Hide code cell source
import numpy as np
import matplotlib.pyplot as plt
%matplotlib inline
import matplotlib_inline
matplotlib_inline.backend_inline.set_matplotlib_formats('svg')
import seaborn as sns
sns.set_context("paper")
sns.set_style("ticks")

Dimensionality Reduction Examples#

Throughout this lecture, we will use the MNIST dataset. The MNIST dataset consists of thousands of images of handwritten digits from \(0\) to \(1\). The dataset is a standard benchmark in machine learning. Here is how to get the dataset from the sklearn library.

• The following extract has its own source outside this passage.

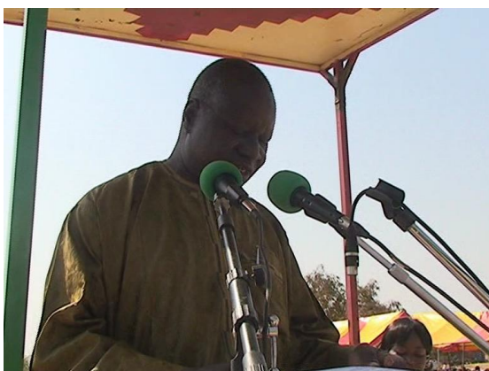
Intervention de Mr le Maire de la commune de Ziniaré

from sklearn.datasets import fetch_openml
from sklearn.model_selection import train_test_split

# Load data from https://www.openml.org/d/554
X, y = fetch_openml("mnist_784", version=1, return_X_y=True, as_frame=False)
X = X / 255.0

# Split data into train partition and test partition
np.random.seed(12345)
x_train, x_test, y_train, y_test = train_test_split(X, y, random_state=0, test_size=0.3)
/opt/homebrew/lib/python3.11/site-packages/sklearn/datasets/_openml.py:968: FutureWarning: The default value of `parser` will change from `'liac-arff'` to `'auto'` in 1.4. You can set `parser='auto'` to silence this warning. Therefore, an `ImportError` will be raised from 1.4 if the dataset is dense and pandas is not installed. Note that the pandas parser may return different data types. See the Notes Section in fetch_openml's API doc for details.
  warn(

The dataset comes with inputs (images of digits) and labels (the label of the digit). We will not use the labels in this lecture as we will be doing unsupervised learning. Let’s look at the dimensions of the training dataset:

x_train.shape
(49000, 784)

The training dataset is a 3D array. The first dimension is 49,0000. This is the number of different images that we have. Then, each image consists of 28x28 pixels. Here is the first image in terms of numbers:

x_train[0]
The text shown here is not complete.